■ Supplied data ■
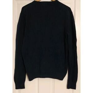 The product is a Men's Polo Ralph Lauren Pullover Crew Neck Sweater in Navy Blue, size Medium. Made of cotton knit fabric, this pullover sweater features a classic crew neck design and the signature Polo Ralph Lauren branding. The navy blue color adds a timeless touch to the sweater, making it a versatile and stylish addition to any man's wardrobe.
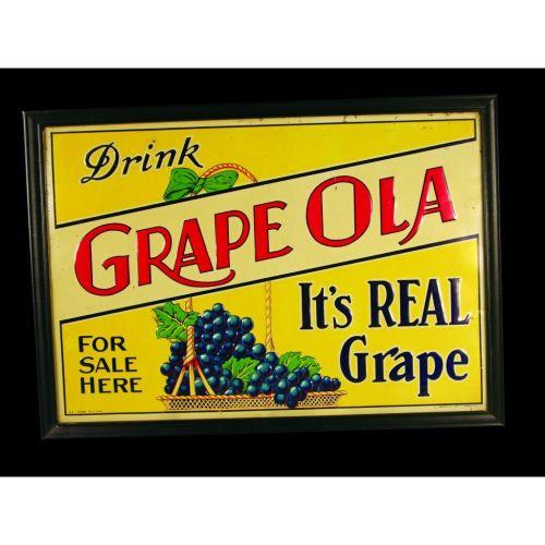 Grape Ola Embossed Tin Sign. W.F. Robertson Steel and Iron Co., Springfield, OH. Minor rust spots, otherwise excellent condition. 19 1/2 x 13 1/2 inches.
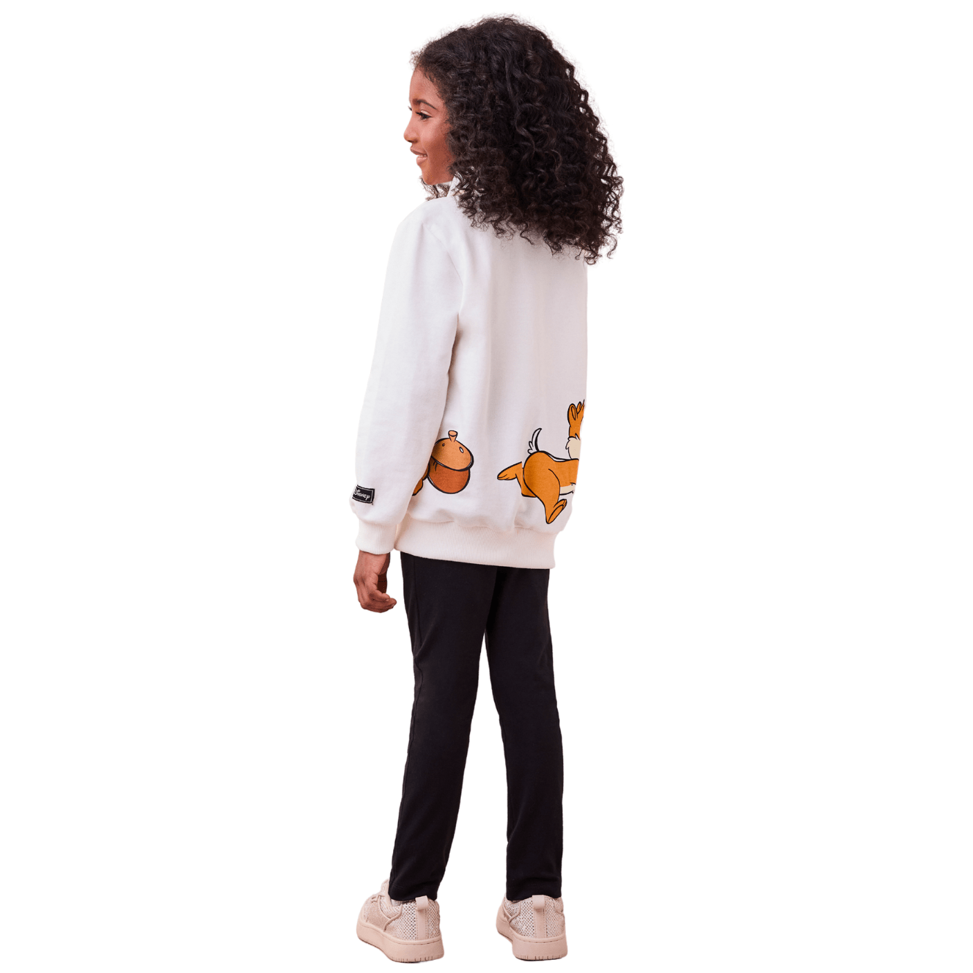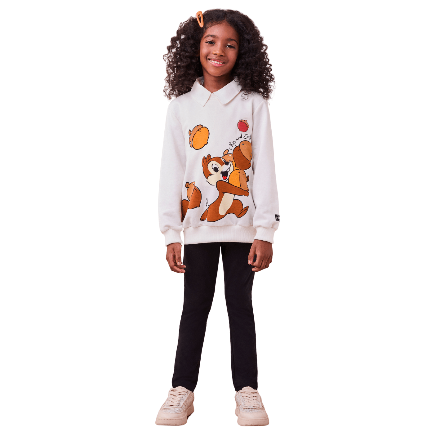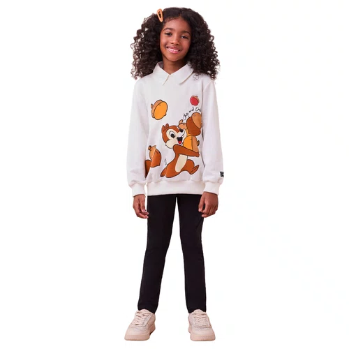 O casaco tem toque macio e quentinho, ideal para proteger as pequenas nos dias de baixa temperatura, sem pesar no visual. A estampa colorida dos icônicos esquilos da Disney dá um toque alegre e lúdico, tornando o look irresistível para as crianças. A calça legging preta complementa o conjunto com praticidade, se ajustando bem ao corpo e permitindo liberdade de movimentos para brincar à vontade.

--

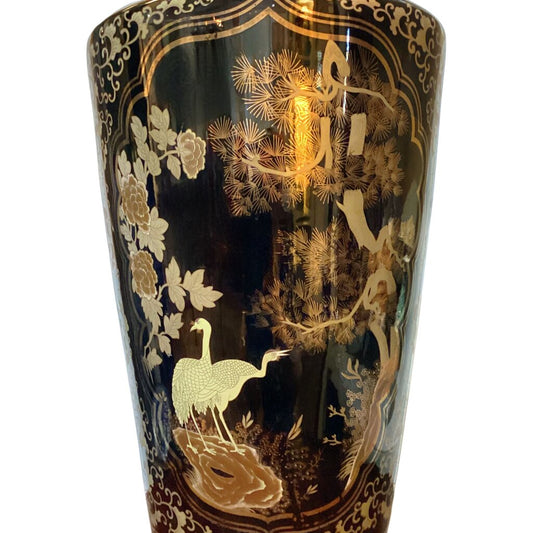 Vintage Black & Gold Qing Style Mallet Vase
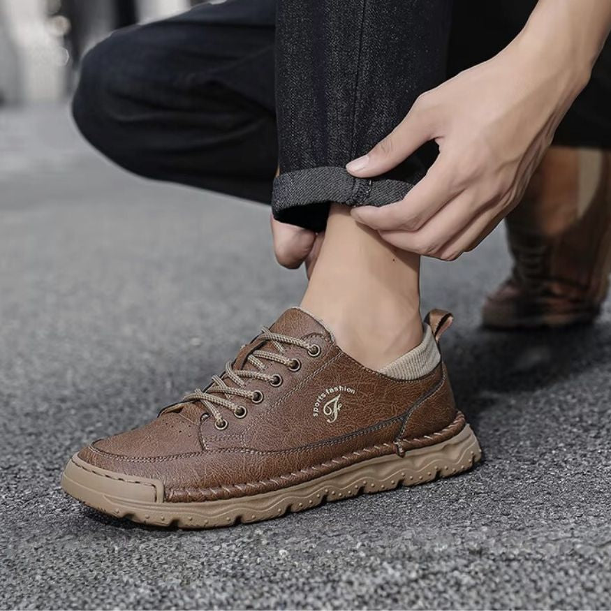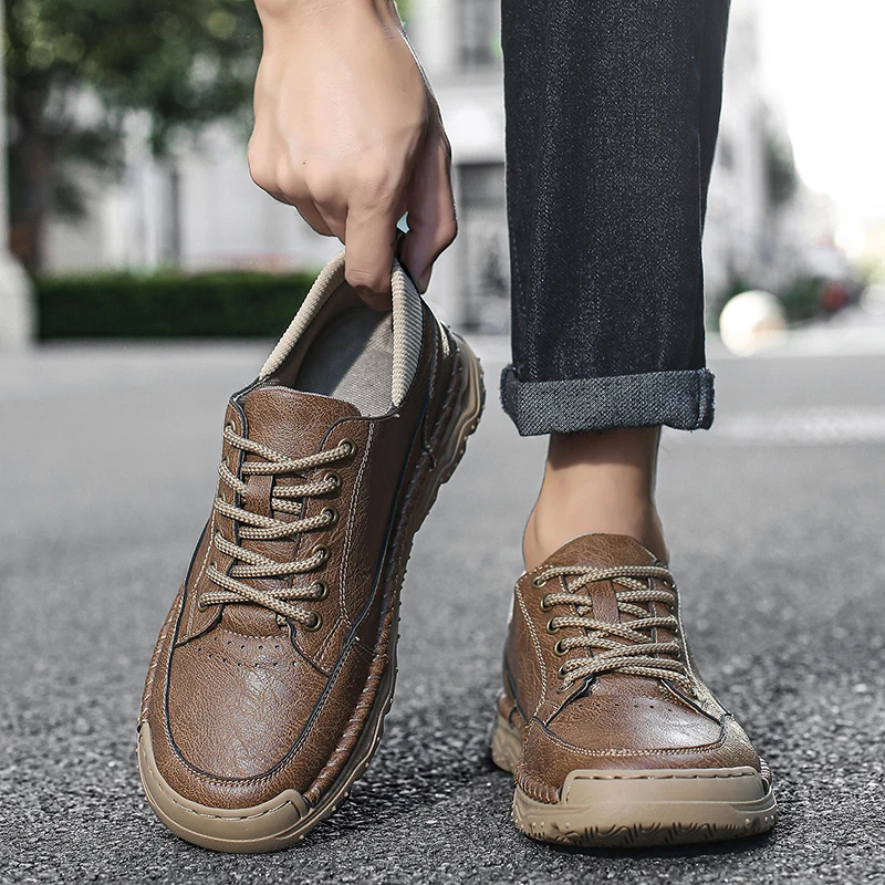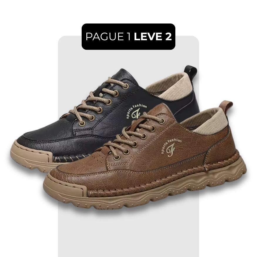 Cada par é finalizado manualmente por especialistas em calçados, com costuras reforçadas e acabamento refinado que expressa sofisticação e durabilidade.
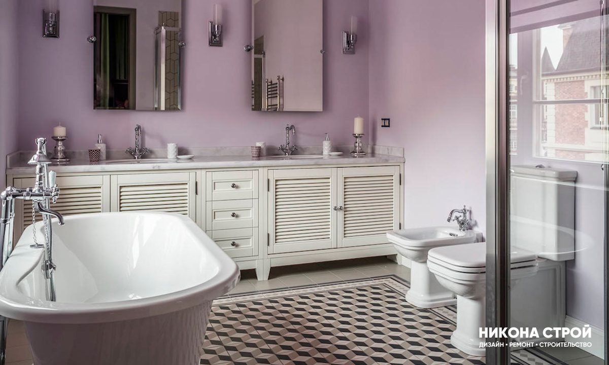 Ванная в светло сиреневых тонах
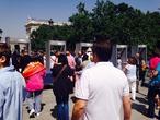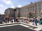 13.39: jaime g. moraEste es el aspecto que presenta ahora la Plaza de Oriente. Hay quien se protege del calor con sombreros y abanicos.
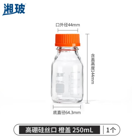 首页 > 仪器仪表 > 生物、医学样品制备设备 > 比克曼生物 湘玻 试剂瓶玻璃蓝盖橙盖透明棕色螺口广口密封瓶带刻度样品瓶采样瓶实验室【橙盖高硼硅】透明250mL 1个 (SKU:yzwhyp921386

■ How to complete this task ■
The response must repeat exactly the lines above from the one with "Ванная в светло сиреневых тонах" through the one with "首页 > 仪器仪表 >", including both, and must contain no pictures and no other text.

■ Exercise output ■
 Ванная в светло сиреневых тонах
 13.39: jaime g. moraEste es el aspecto que presenta ahora la Plaza de Oriente. Hay quien se protege del calor con sombreros y abanicos.
 首页 > 仪器仪表 > 生物、医学样品制备设备 > 比克曼生物 湘玻 试剂瓶玻璃蓝盖橙盖透明棕色螺口广口密封瓶带刻度样品瓶采样瓶实验室【橙盖高硼硅】透明250mL 1个 (SKU:yzwhyp921386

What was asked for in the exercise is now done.